WASHINGTON β NASA has announced eight winning teams and awarded $750,000 in prizes in the second phase of the agency's Deep Space Food Challenge. The winning teams will move on to compete in the third and final phase of the challenge.
As NASA prepares to send astronauts farther into the solar system than ever before, the agency needs food systems that can fortify future crews in deep space for years at a time. The Deep Space Food Challenge calls on solvers from around the world to create technologies to help feed astronauts on future long-term space missions.
"These creative winning solutions come from teams made up of business, universities, and individual solvers, showcasing how NASA can benefit from everyone's expertise to solve crucial challenges," said Amy Kaminski, program executive for Prizes, Challenges, and Crowdsourcing in NASA's Space Technology Mission Directorate (STMD) at NASA Headquarters in Washington. "We're excited to announce Phase 3 of the challenge to see where these teams can take their technologies next."

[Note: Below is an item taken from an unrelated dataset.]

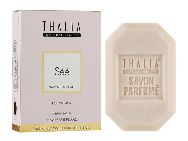 Позвольте всем вашим чувствам раскрыться на полную вместе с парфюмированным мылом от бренда Thalia под названием See. После первого же применения, ваша кожа станет на столько бархатной, что объятий в вашей жизни точно станет намного больше. Кроме того, мало подарит восхитительный аромат, который надолго задерживается на вашем теле. Его пирамида собрала в себе чувственный шипр, томные аккорды спелой смородины, а также ноты теплого мускуса. Продукт имеет натуральный состав и бережно ухаживает за вашей кожей. Особенности парфюмированного мыла See от Thalia: - дарит телу яркий и насыщенный аромат; - деликатно очищает тело от загрязнений и себума; - устраняет неприятные запахи; - минимизирует количество вредоносных бактерий; - подойдет для всех типов кожи; - дарит коже мягкость шелка; - защищает от сухости и шелушений; - нейтрализует дискомфортное ощущение стянутости.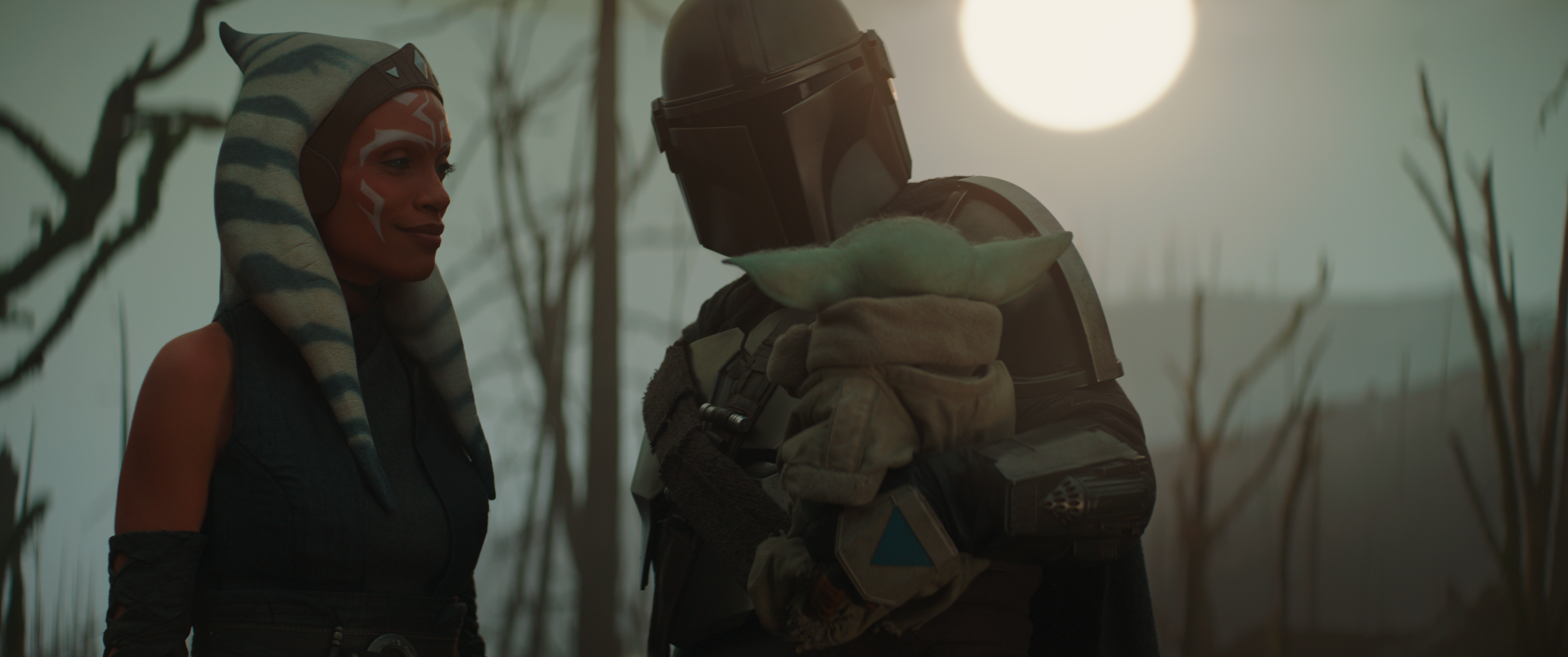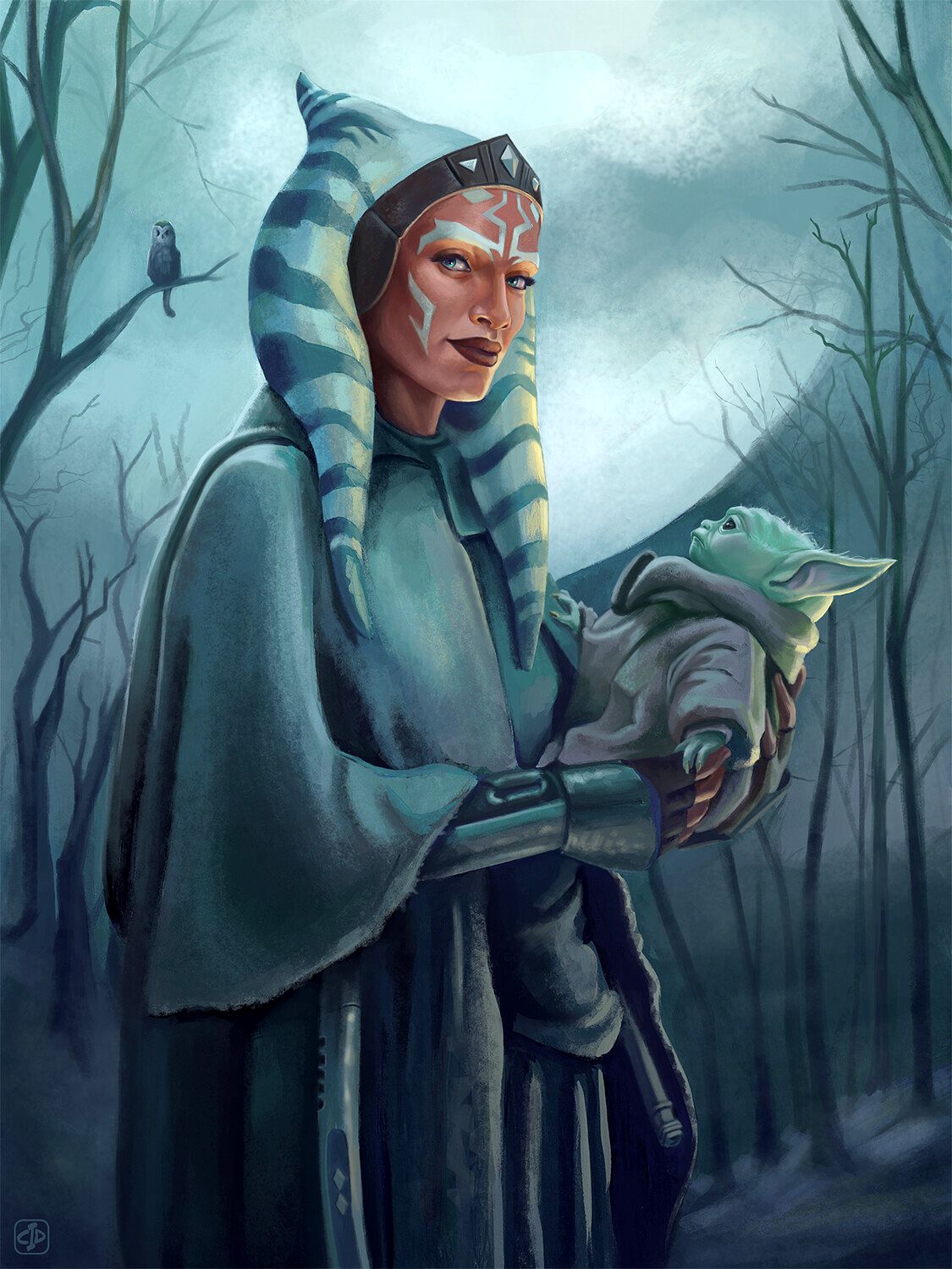 However, Tano was unexpectedly saved from Vader's wrath by a future Ezra Bridger, who pulled her through a portal into the World Between Worlds, a mystical plane of the Force connecting all time and space. After a confrontation with Darth Sidious, who desired access to the dimension, Tano returned to her time, promising Bridger that she would find him once she returned. After the end of the Galactic Civil War, Tano joined Sabine Wren in her quest to find the missing Bridger, who had disappeared during the Liberation of Lothal, and trained Wren in the ways of the Jedi until parting ways. Tano later journeyed to the city of Calodan on the forest planet Corvus looking for information on the location of Grand Admiral Thrawn, who had disappeared alongside Bridger, from Magistrate Morgan Elsbeth. Needing to rescue the city from Elsbeth's rule, she allied herself with the Mandalorian Din Djarin, who had been on a quest to bring the Force-sensitive youngling Grogu to the Jedi. After freeing Calodan, Tano refused to train Grogu and directed Djarin to the planet Tython instead. She later visited Luke Skywalker at his new Jedi Temple and, when Skywalker found Grogu in his care following a summons from the seeing stone, oversaw his training of the child temporarily.

Phase 2 tasked dozens of teams with building and demonstrating small-scale prototypes of technologies that use minimal resources and create little waste while producing safe, healthy, and appetizing foods for astronauts. A panel of judges selected eight winners to build and demonstrate full-scale food technologies over the next year in Phase 3.
The following U.S. teams will each receive $150,000 in prizes from NASA and advance to compete for up to $1.5 million in total prizes from NASA in Phase 3:
- Air Company of Brooklyn, New York, developed a system and processes for turning air, water, electricity, and yeast into food.
- Interstellar Lab of Merritt Island, Florida, created a modular bioregenerative system for producing fresh microgreens, vegetables, mushrooms, and insects.
- Kernel Deltech USA of Cape Canaveral, Florida, developed a system for cultivating mushroom-based ingredients.
- Nolux of Riverside, California, created a solution that mimics the photosynthesis that happens in nature to produce plant- and mushroom-based ingredients.
- SATED (Safe Appliance, Tidy, Efficient, and Delicious) of Boulder, Colorado, developed a space cooking appliance that would allow astronauts to prepare a variety of meals from ingredients with long shelf lives.
NASA and CSA (Canadian Space Agency) also jointly selected three international teams as Phase 2 winners. These three teams are invited to advance their technologies in Phase 3:
- Enigma of the Cosmos of Melbourne, Australia, created an adaptive growing system to increase the efficiency of plants' natural growth cycles.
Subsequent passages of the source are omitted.